◆ **Input data**:
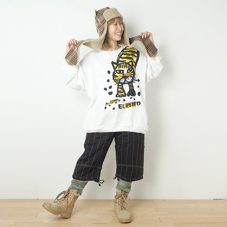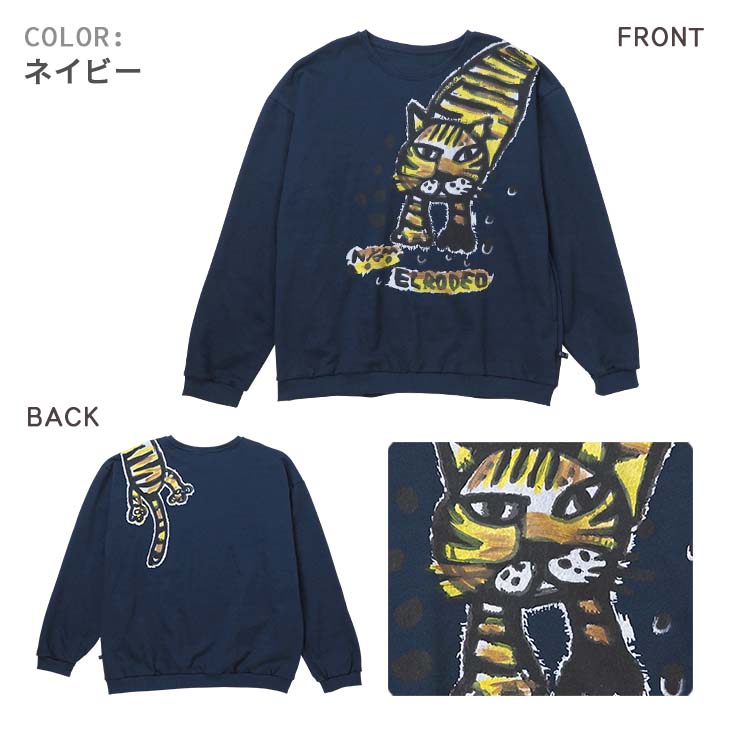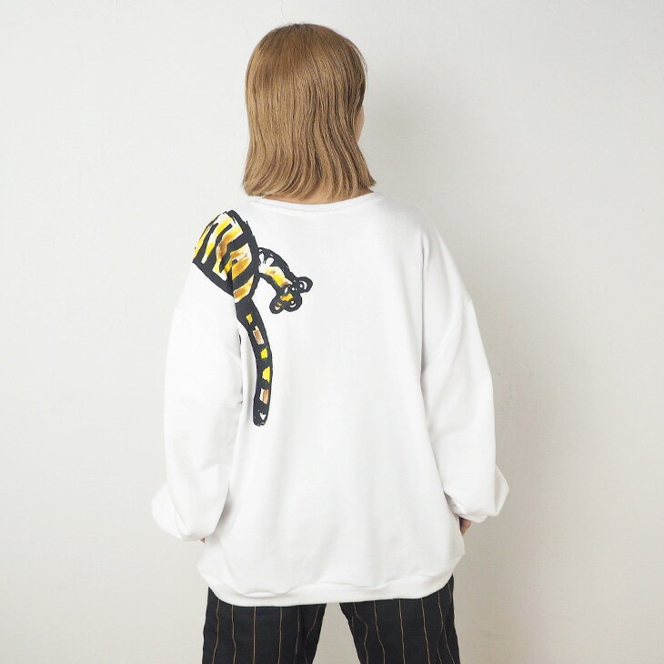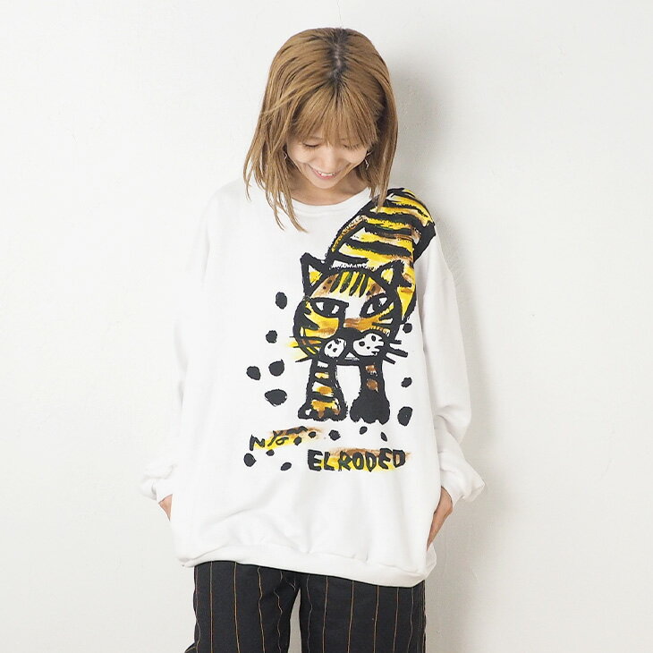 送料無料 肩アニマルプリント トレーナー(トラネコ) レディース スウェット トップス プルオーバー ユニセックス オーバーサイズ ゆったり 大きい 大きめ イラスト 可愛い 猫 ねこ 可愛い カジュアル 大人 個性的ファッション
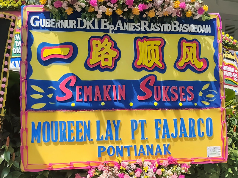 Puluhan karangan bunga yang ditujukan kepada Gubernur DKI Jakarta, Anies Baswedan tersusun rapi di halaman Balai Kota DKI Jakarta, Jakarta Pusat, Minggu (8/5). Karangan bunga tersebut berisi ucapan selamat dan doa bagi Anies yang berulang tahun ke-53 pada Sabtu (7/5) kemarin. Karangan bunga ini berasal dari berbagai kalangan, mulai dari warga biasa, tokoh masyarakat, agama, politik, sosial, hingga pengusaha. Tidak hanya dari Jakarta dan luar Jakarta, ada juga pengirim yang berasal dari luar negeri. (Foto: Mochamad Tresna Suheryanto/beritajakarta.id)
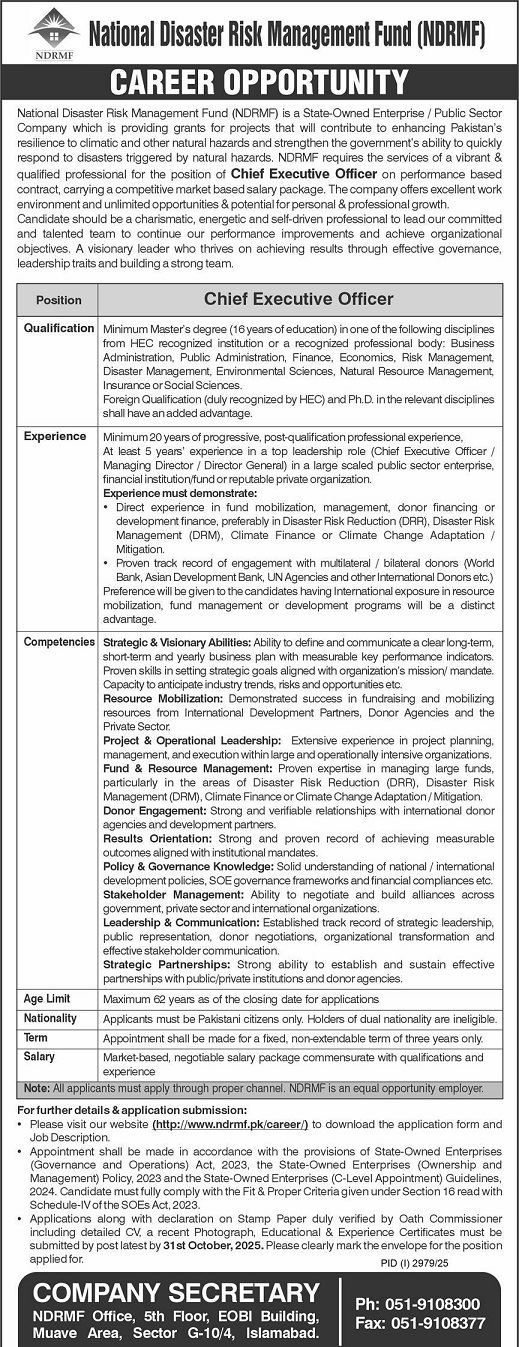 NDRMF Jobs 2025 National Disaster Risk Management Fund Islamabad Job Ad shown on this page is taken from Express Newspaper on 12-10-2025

◆ **Task description**: Could the lines from the one with "Puluhan karangan bunga" through the last line of the material above be written out exactly, both included, with pictures left out?

◆ **Response for this exercise**:
 Puluhan karangan bunga yang ditujukan kepada Gubernur DKI Jakarta, Anies Baswedan tersusun rapi di halaman Balai Kota DKI Jakarta, Jakarta Pusat, Minggu (8/5). Karangan bunga tersebut berisi ucapan selamat dan doa bagi Anies yang berulang tahun ke-53 pada Sabtu (7/5) kemarin. Karangan bunga ini berasal dari berbagai kalangan, mulai dari warga biasa, tokoh masyarakat, agama, politik, sosial, hingga pengusaha. Tidak hanya dari Jakarta dan luar Jakarta, ada juga pengirim yang berasal dari luar negeri. (Foto: Mochamad Tresna Suheryanto/beritajakarta.id)
 NDRMF Jobs 2025 National Disaster Risk Management Fund Islamabad Job Ad shown on this page is taken from Express Newspaper on 12-10-2025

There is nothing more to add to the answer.